What do the terms of “memcpy” and “cpu time” in th profiler output represent?
Is the “memcpy” memcpy() executed by CPU?
The execution time of a kernel method equals to the sum of the “GPU time” + “CPU time”
No, CPU time is the time it takes a kernel call as seen from CPU. GPU time is the time the GPU is actually busy (kernel call overhead not included, that is included in CPU time)
memcopy is the time the memcopy call takes (CPU time also)
So GPU time is the time between kernel start and return on GPU and CPU time is the time between the start and end of the kernel call on CPU(kernel execution time not included). Do I understand you correctly?
CPU time is the time between the start and end of the kernel call on CPU(kernel execution time included)
But isn’t kernel call asynchoronous? The programing guide says the host won’t wait for a global kernel to complete.
And I got one profiling result showing a kernel with GPU time less than CPU time.
External Image My mistake, I was too careless reading the output…
In normal code yes, but in the profiler no.
CPU time = GPU time + overhead, so GPU time should always be less than CPU time. If you have a profile where CPU time < GPU time I would be very surprised and you should file a bug report ;)
I know the CUDA Visual profiler is a method to time your programs different parts, but is this an accurate way to time your program, or is it better to time it using the timers inside the program itself?
well you can accurately time your program between the first and last CUDA call I guess. You can ask the profiler to save CPU time. Than you can see how many time has passed between your cuda-related calls.
Enabling Profiler reduces the GPU clock and your app would actually run slower!!!
Dont use profiler to time your code!!!
Read “Release Notes” , search for “profiler” – If an application crashes while profiling is enabled, the GPU clocks remain reduced even for other GPU applications which dont need profiling. You have to reboot it to get it fixed…

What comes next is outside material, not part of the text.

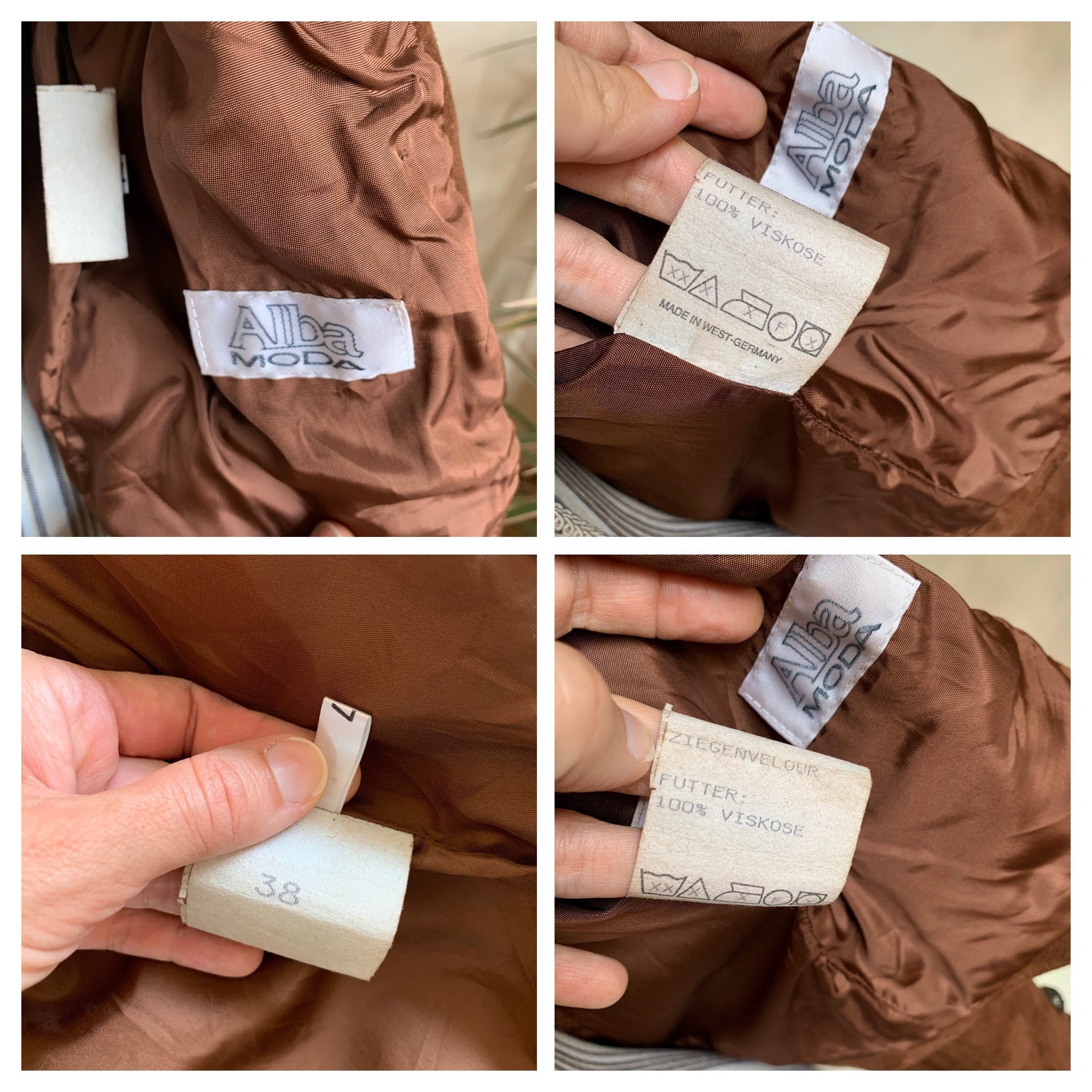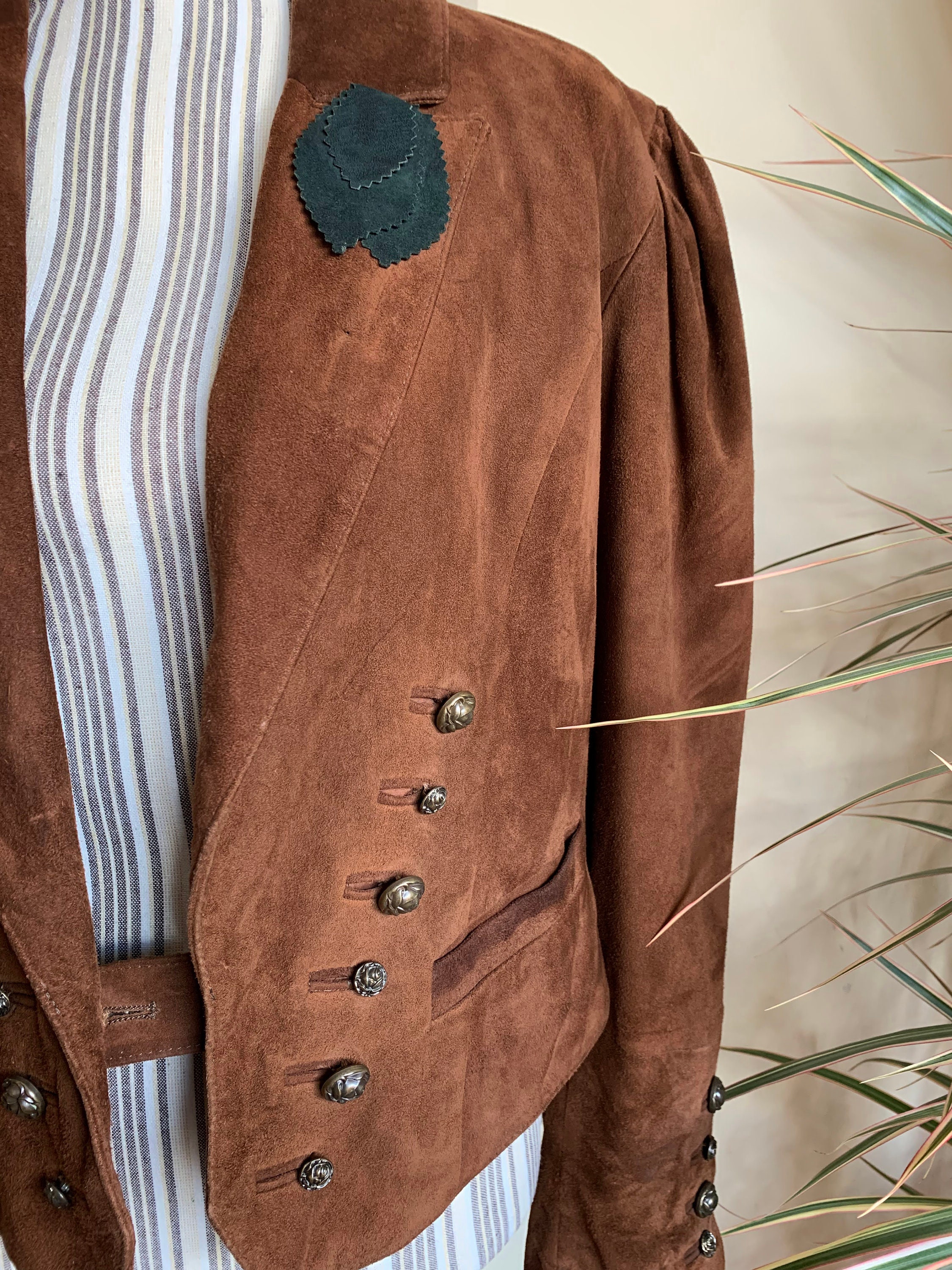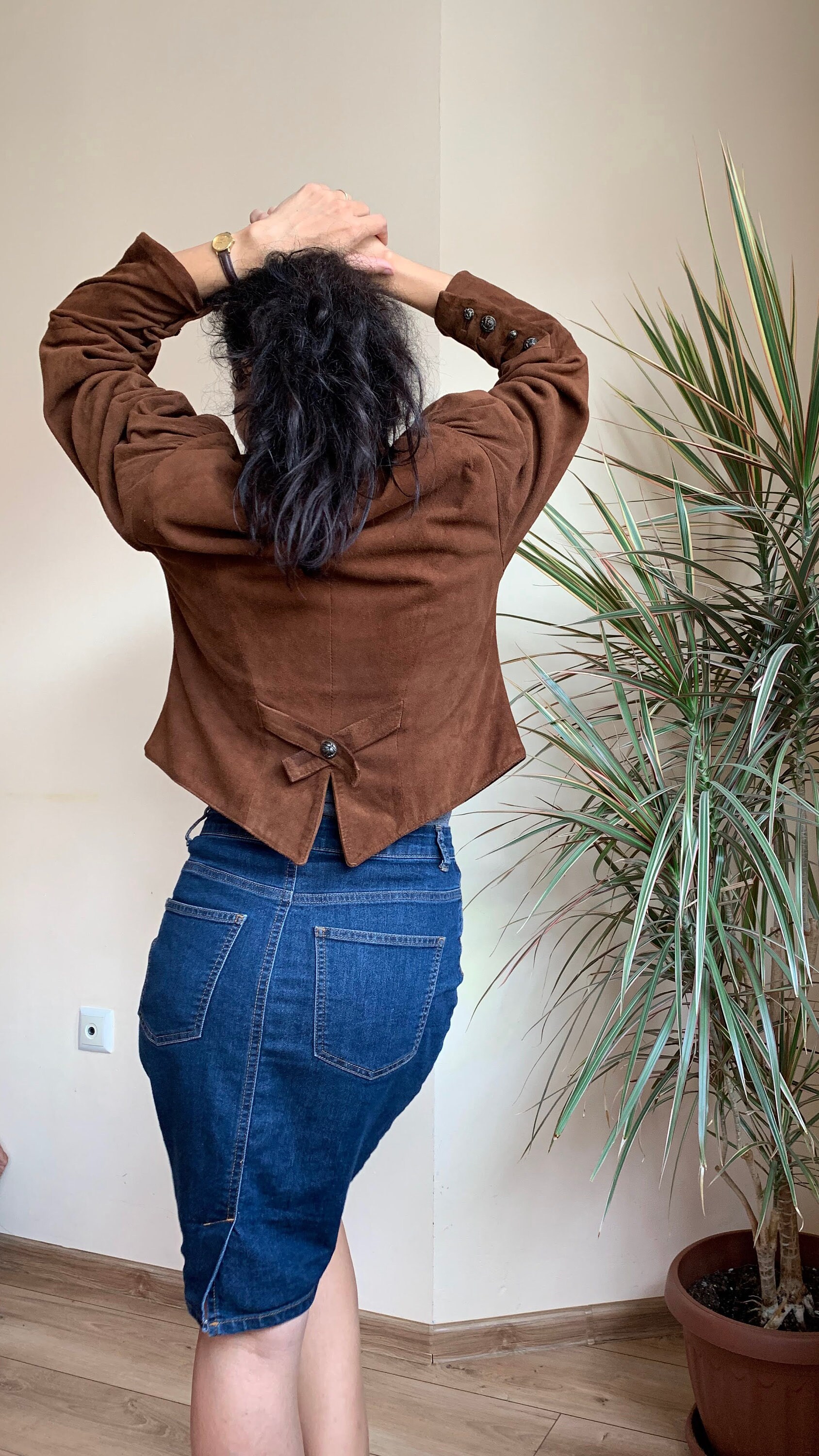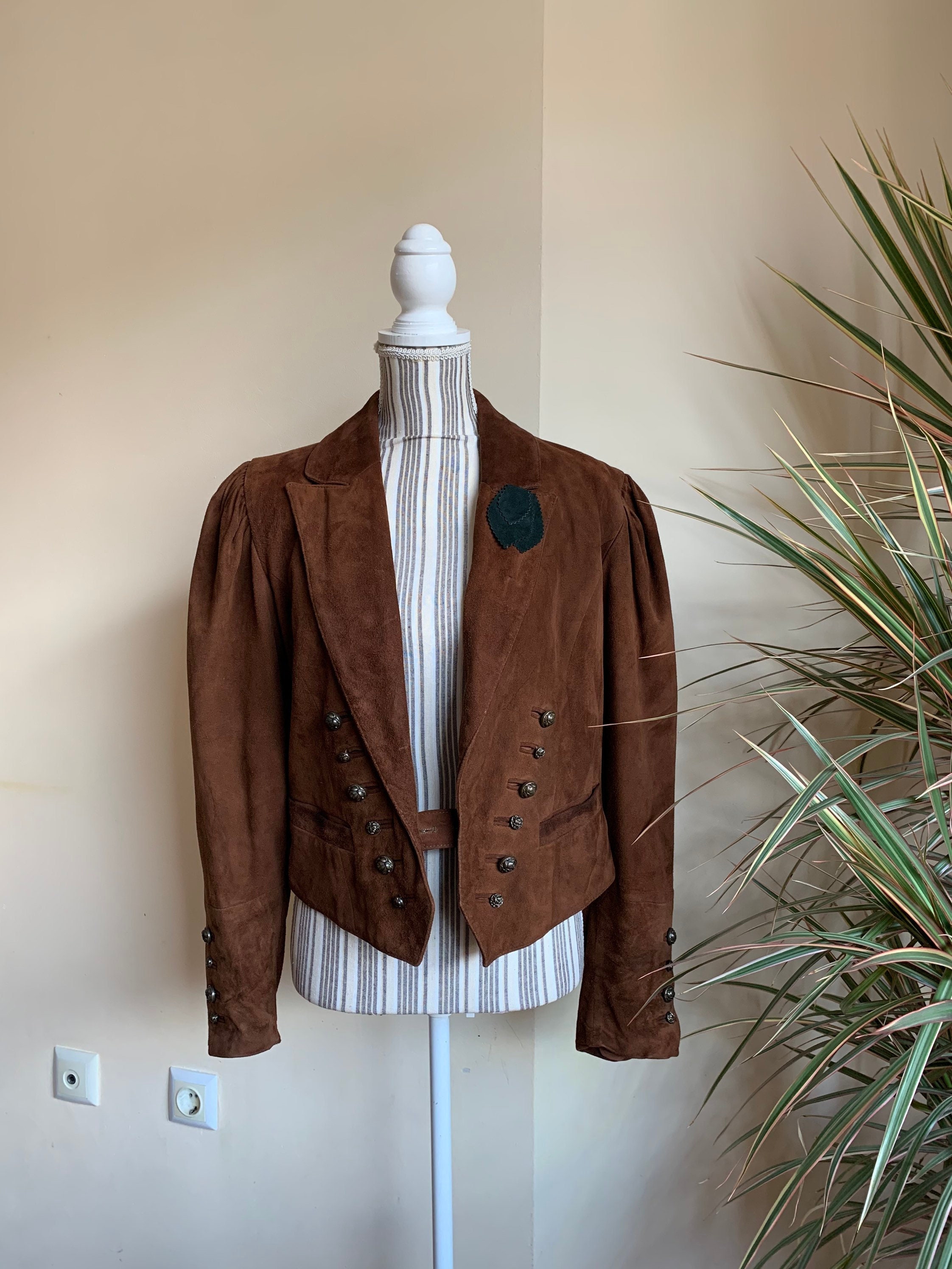 This is vintage 80s suede leather jacket for women in cognac brown color. This brown leather jacket is made of soft goat suede leather with polyester lining. This oversized bomber jacket has a single button closure and deep v neck front. It has two pockets. This boxy waistcoat has big puff sleeves with decorative buttons. The size marked on this sued leather blazer is 38. It fits like size M. I am modelling the blazer and I wear size S, EUR 36, US 6, UK 10. I am 5'3" tall. It fits me a bit oversized. Please check the measurements below.

– I experienced it just now!!! I was getting 57x and I rebooted and I got 65x – with no change in inputs or anything… Jusss the profiler clocks down the GPU…
Beware…
Yeah, definitely don’t time your code with profiler. It is VERY useful for determining what parts of your program are worth optimizing though :)
Hmm, that is good news indeed. My real performance will be even better than what I thought :)

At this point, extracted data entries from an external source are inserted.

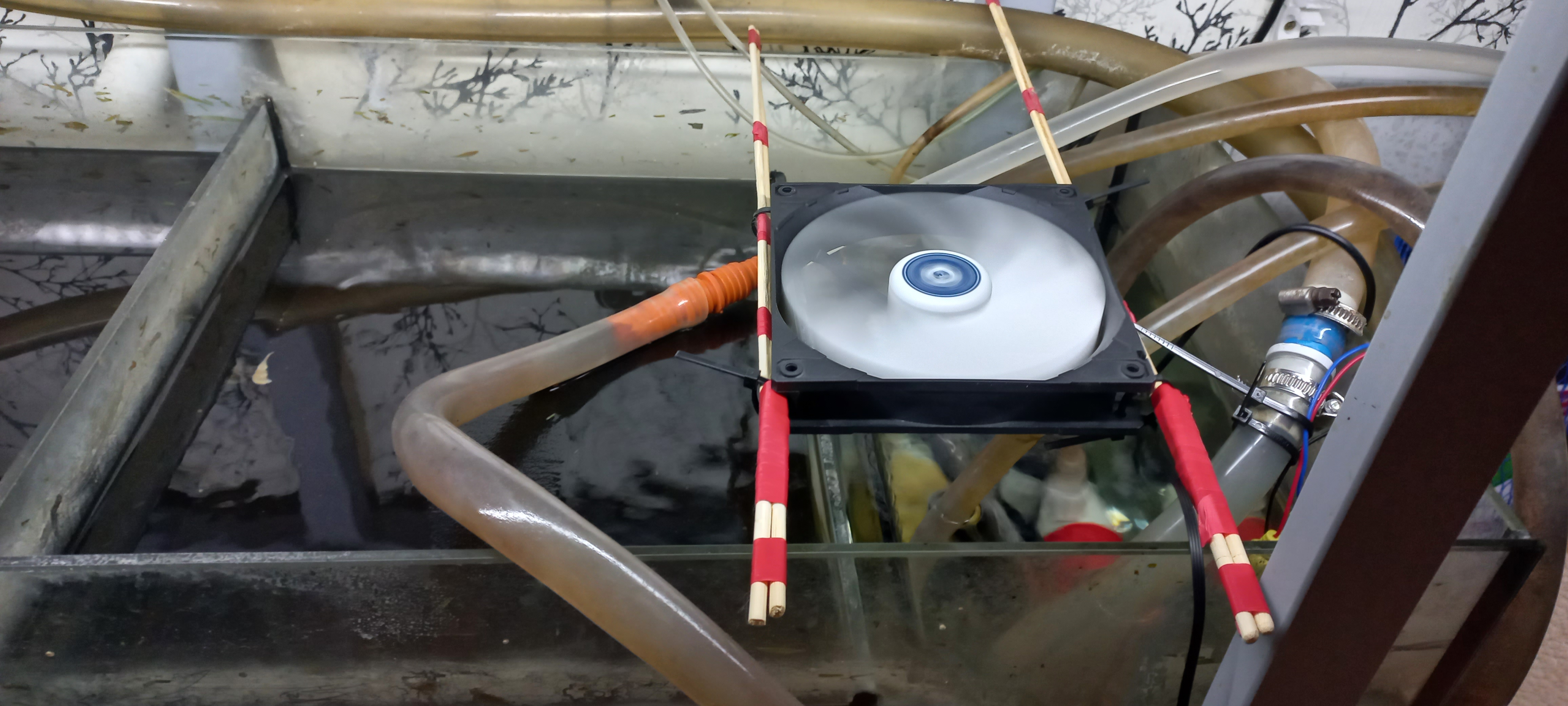 >>221831 Сними стакан и оставь только губку, если конструкция позволяет. Или возьми какой-нибудь фан мини или подобный тоже только с губкой ставь без стакана. Еще можно тупо аэролифт поставить на такой объем его за глаза.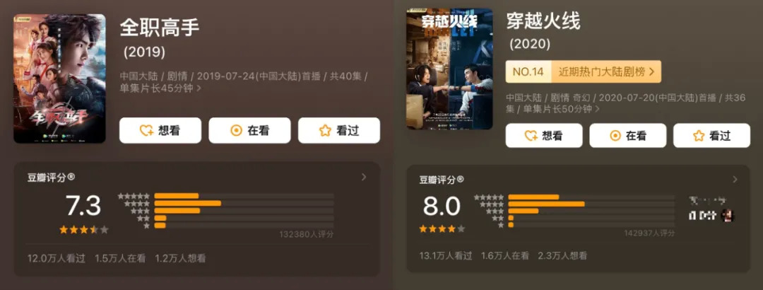 至此,电竞题材影视作品也衍生出了两种大相径庭的开发方向。一类是自《微微一笑》开启的电竞元素偶像剧,另一类则是继承了早期电竞题材作品风骨的正统电竞题材剧集,像2019年的网剧《全职高手》,去年上线的口碑剧集《穿越火线》都是代表之作。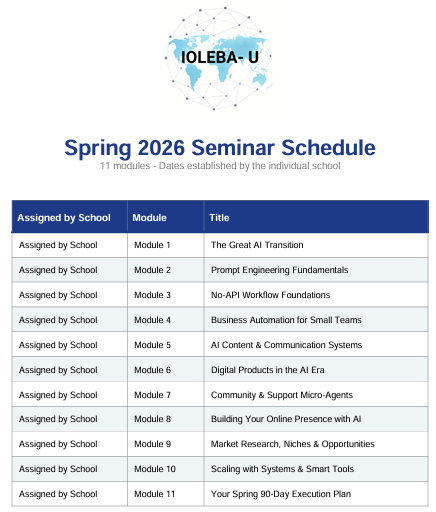The IOLEBA Spring 2026 Seminar is a proprietary, non-API training system designed to move students and entrepreneurs from digital anxiety to economic mastery. This isn’t just a course; it’s a complete infrastructure.

CudaEvents it shall be I guess
I am facing the following problems with the CUDA profiler:
(1)
I have an application where after each kernel call, I use memcpy to copy some data from the GPU to the CPU. The memcpy does a very simple 4byte (integer) copy from the GPU to the CPU. This memcpy is called as many times as the kernel is called.

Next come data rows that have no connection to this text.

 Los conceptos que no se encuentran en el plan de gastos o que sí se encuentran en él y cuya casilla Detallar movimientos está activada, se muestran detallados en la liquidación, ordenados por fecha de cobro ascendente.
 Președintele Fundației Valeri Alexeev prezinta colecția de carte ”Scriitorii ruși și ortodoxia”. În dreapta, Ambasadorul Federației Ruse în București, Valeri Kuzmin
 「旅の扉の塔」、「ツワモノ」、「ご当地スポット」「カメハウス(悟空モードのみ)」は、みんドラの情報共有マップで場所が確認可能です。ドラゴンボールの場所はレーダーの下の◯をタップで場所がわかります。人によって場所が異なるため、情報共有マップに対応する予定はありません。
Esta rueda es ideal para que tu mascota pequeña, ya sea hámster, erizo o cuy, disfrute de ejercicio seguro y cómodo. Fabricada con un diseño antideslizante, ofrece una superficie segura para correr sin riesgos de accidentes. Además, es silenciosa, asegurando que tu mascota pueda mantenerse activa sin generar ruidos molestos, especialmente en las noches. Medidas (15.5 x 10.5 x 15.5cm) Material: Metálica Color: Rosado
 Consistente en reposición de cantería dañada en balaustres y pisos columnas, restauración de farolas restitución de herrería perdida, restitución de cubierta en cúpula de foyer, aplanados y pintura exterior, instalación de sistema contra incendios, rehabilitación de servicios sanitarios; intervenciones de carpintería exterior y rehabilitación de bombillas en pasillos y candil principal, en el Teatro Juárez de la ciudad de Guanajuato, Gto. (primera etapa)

When I used the cuda visual profiler I found that it correctly reports the number of times the memcpy is called, but some how does not report the amount of time spent in the memcpy correctly. You can also see from the cuda profiler that memcpy time is reported in the GPU usec and not in CPU usec for any program.
So my question is does the size of data transfer (and hence the time spent) influence the result displayed by the visual profiler for memcpy operation time ?
yes, it differs. The reason you only see GPU time is as far as I know because the GPU is doing the memcopy.